# Prayers needed



## solrac

Hello,

I know this board is read by many good people and I am reaching out to those good people to please pray for my brother. He was murdered Saturday at his ranch. Please pray for our family to have the strength to get throught this time. I was told that when we are at our lowest, God is closest to us and that He wont give us more than we can take. Please give me strength through you prayers. Please pray the criminals who did this will be brought to justice. My brother did not deserve this violence, he healed people and raised the spirits of everyone around him. 

thank you,
carlos


----------



## FISHNNUTT

Lord please comfort and bless this family as only you can
give them the strength and courage to deal with this tragedy.
Carlos my prayers and thoughts are with you and your family
May your brother Rest in Peace. Hope the criminals are brought
to quick justice. May their souls burn in flames of hades


----------



## grandpa cracker

I am thinking your brother is Dr. Gonzalez. If so , it is a terrible loss of a very talented and caring man.
My prayers go up for all of your family and friends. I am sure that this cowardly act will not go unpunished.
Carlos, may God give you strength and comfort you and your family during this time of sorrow.
I have seen the news reports and I know your brother will be sorely missed by his fellow workers and the community. 
Alan


----------



## solrac

thank you


----------



## fender bender

Prayers sent.


----------



## 24Buds

prayers sent. Sorry to hear this.


----------



## solrac

thank you


----------



## BOBBYG

Prayers Sent.


----------



## whistech

I am so sorry for your loss. We don't know and can't understand how something like this can happen and there are really no words that can appropriately express my condolences to you and your family, but I want you to know you and your family is in my prayers. May He help you and your family thru these unimaginable times.


----------



## Bonito

Carlos,

What a terrible thing to happen. We pray that God will give you, your family and all the friends peace and comfort during this horrible time. We pray that the person or persons responsible for this will be found and brought to justice. We ask Father that you will raise up Carlos and help him to be a comfort to the family. We pray that You will pour out your love on all the family and friends. In Jesus' name we pray.

God bless you, Carlos.


----------



## solrac

Thank you


----------



## Titus Bass

Prayers sent to you and your family........


----------



## sweenyite

Prayers sent.


----------



## sharkbait-tx70

Prayers sent.God bless you and all involved.


----------



## solrac

Thank you.


----------



## kim e cooper

Prayer up GOD BLESS.


----------



## activescrape

What a terrible thing to have to go through. I pray for strength for you and yours Carlos, and I pray that you can focus on the good man that your brother was(is). I also pray that his killer(s) will be brought to justice. Hang in there man.


----------



## solrac

thank you


----------



## Bonito

Carlos,

Still praying for you and your family. Keep your head up, Brother.


----------



## Mrschasintail

Carlos, I'm very sorry for your loss. May God be with you and your family, to give you strength to get you through this time.


----------



## beach

Prayers sent.


----------



## Reel-Tite

Prayers sent.


----------



## JHG

Just saw on news where they caught 2 of the people and have charged them with murder and have a warrant issued for the third. Apparently the 2 were brothers and related to the ranch hand that was also shot. 
My prayers go out to you and your family. The entire Houston community felt a profound sense of loss at the passing of your brother. He was a respected pillar of our community and will have a special place in Heaven for all of the people he helped on this earth. May God bless you and your family.


----------



## solrac

Thank you all for your prayers.


----------



## solrac

Its been a month since my brother's murder. Four suspects are in custody. Motive is unclear, investigation is still open.

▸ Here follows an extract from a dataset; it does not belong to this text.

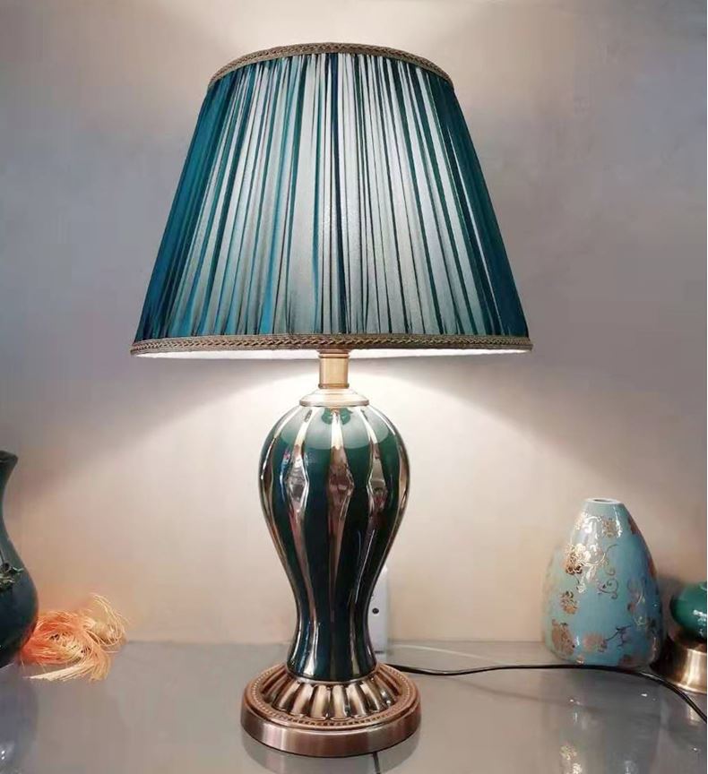 Chắc hẳn chúng ta đã quá quen thuộc với hình ảnh chiếc đèn bàn tạo điểm nhấn cho không gian phòng khách. Chúng còn là mẫu đèn trang trí được yêu thích nhất và cung cấp ánh sáng tốt cho những phút giây chúng ta thư giãn, nghỉ ngơi trong phòng ngủ. Phòng khách luôn được coi là bộ mặt của một căn nhà, vì vậy các vật dụng nhằm mục đích trang trí cũng được đầu tư kĩ lưỡng, tốn khá nhiều chi phí. Bên cạnh hệ thống chiếu sáng chính như đèn tuýp, đàn mâm, đèn âm trần,… chỉ với một chiếc đèn để bàn sẽ nâng tầm không gian. Bạn hãy đặt sản phẩm bên cạnh sofe, kệ tivi để hoàn thiện thêm vẻ đẹp tinh tế, sang trọng và đẳng cấp của căn phòng, cũng như toàn bộ ngôi nhà của gia đình. Thân đèn là bình gốm sứ cao cấp đã trải qua quá trình nung ở nhiệt độ cao đem đến chất lượng tuyệt hảo, trên đó được tô vẽ bằng những hoa văn, đường nét thật nhẹ nhàng nhưng cũng thật quyến rũ lòng người.  Kết hợp với chụp đèn màu xanh bằng vải lụa giúp chống thấm nước và đem đến ánh sáng êm dịu, ấm áp cho người sử dụng. Thiết kế không mang hoa văn sặc sỡ, không cầu kỳ rườm rà, màu sắc trang nhã thanh lịch thôi đã đủ làm nổi bật cả không gian. Đế đèn hợp kim được mạ lớp sơn tĩnh điện màu vàng Pháp không chỉ giúp sản phẩm tăng thêm vẻ sang trọng mà còn tạo độ bền cao hơn cho sản phẩm. Hãy đặt nó trong không gian phòng khách để tạo điểm nhấn sang trọng và ấm áp cho không gian. Hay như trên tủ đầu giường nơi phòng ngủ, sử dụng bóng đèn công suất nhỏ và ánh sáng vàng dịu nhẹ sẽ đem đến cảm giác thoải mái, thư thái từ đó nâng cao chất lượng giấc ngủ, cải thiện tinh thần. Ngoài ra, chúng có thể đặt trên bàn làm việc, bàn đọc sách trang hoàng không gian thềm ấn tượng. Cùng với đó là sử dụng bóng đèn ánh sáng trắng hoặc vàng có công suất lớn hơn trong phòng ngủ sẽ cung cấp nguồn ánh sáng cần thiết để làm việc, học tập có hiệu quả. Ngoài ra, bạn muốn tìm cho phòng ngủ yên tĩnh của ra đình mẫu đèn có ánh sáng êm dịu, thoải mái bên cạnh nguồn sáng chính. đèn bàn mang tới ánh sáng ổn định, ấm áp, dịu nhẹ, giúp chúng ta thêm ngon giấc. Do đó nhu cầu sử dụng đèn để bàn tròng phòng ngủ ngày càng tăng cao. Có thể coi đèn bàn trang trí là một trong những thiết bị chiếu sáng phù hợp trong rất nhiều không gian của gia đình. Với ánh sáng tập trung không chỉ làm nổi bật không gian xung quanh mà còn mang đến ánh sáng thích hợp cho việc học tập, nghỉ ngơi, làm việc.
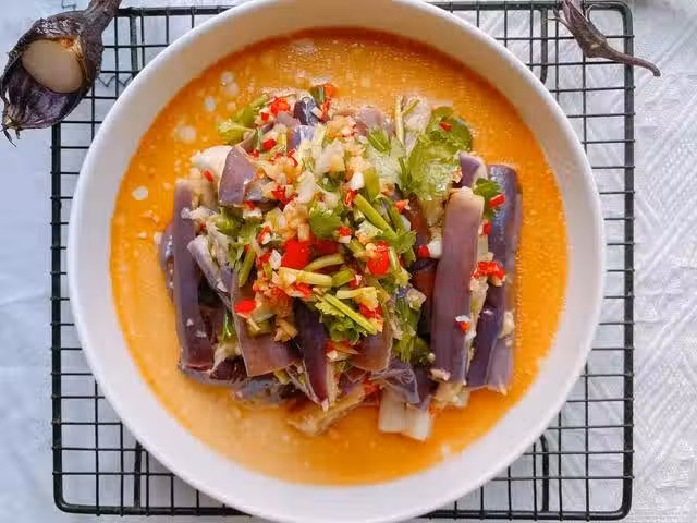 2、茄子一定要完全煮熟再吃,家裡的火候不同或者茄子的粗細程度不一樣,蒸的時間也不一樣,一定要蒸熟才能涼拌。

Please pray for us today. Please pray for the investigation to reach a definitive conlcusion and all guilty be brought to justice.


----------



## activescrape

You got em'.


----------



## capt.sandbar

Prayers are sent.

Motive: Scum of the earth prey upon hard working honest people who have made something of there life... They take in 1 hour, what others have worked their whole life for...


----------



## jrw

*Prayer*

Oh Lord, your Servant has ask for your blessing for his
family.

Comfort them during this difficult time. Amen


----------



## solrac

Thank you all again. 

Today, the four suspects in custody will go in front of the judge in Austin County.


----------



## wos

Prayers sent


----------



## activescrape

I pray justice is done.


----------



## dbarham

I pray the same thing JUSTICE!


----------



## TreDawg

Lord,

I pray that you are with this family in their time of need, that your grace be poured out over this family. Give them the strength to get through this difficult time..... I pray that you are with our fallen brother, that you welcome him with open arms to your mighty kingdom. I pray this in your precious and holy name....Amen

I am sorry to hear of your lost and I will be praying for you and your family. I will also have my church pray for you and your family as well. I would like to leave you with a couple of verses from the bible.


*Matthew 5:4
* Blessed are those who mourn, 
for they will be comforted.

*Isaiah 54:10
*Though the mountains be shaken 
and the hills be removed, 
yet my unfailing love for you will not be shaken 
nor my covenant of peace be removed," 
says the LORD, who has compassion on you.*

Psalm 48:14
* For this God is our God for ever and ever; 
he will be our guide even to the end.


----------



## fish and grin

prayers sent to you. god is listening.


----------



## sweenyite

Prayers sent. Hope you find some comfort in the justice that is carried out.


----------



## Mrs Backlasher

I've been away from this place too long. Please forgive me for not being there for you when all this happened.

Oh, Lord God,

Pour out your loving mercy on this family. Be their comfort and their healing balm. Keep the memory of their loved one alive and active in their hearts and minds. Help them forgive the people who did this horrible thing. Let there be no root of bitterness growing in their lives to defile their precious memories.

As for the people who committed this heinous crime, soften their hearts and turn them to Jesus. Let them learn of Him and find peace with God. Let them sin no more and ruin no more lives. Let their families turn to You for support during their time of crisis. Please turn these lives around and teach them to do good in the name of Jesus.

Father, we need you every hour. I praise your holy name that you are available to us through the blood of your Son Jesus. And it's in his name I pray for all concerned in this very sad situation. Our lives are in your hands. Amen.


----------



## solrac

I ask again for your prayers.
I pray for patience, for justice to be done on earth and peace in our lives.


----------



## patwilson

You got it! Me and my family send the best to you. Hope all is well.

God Bless, Pat


----------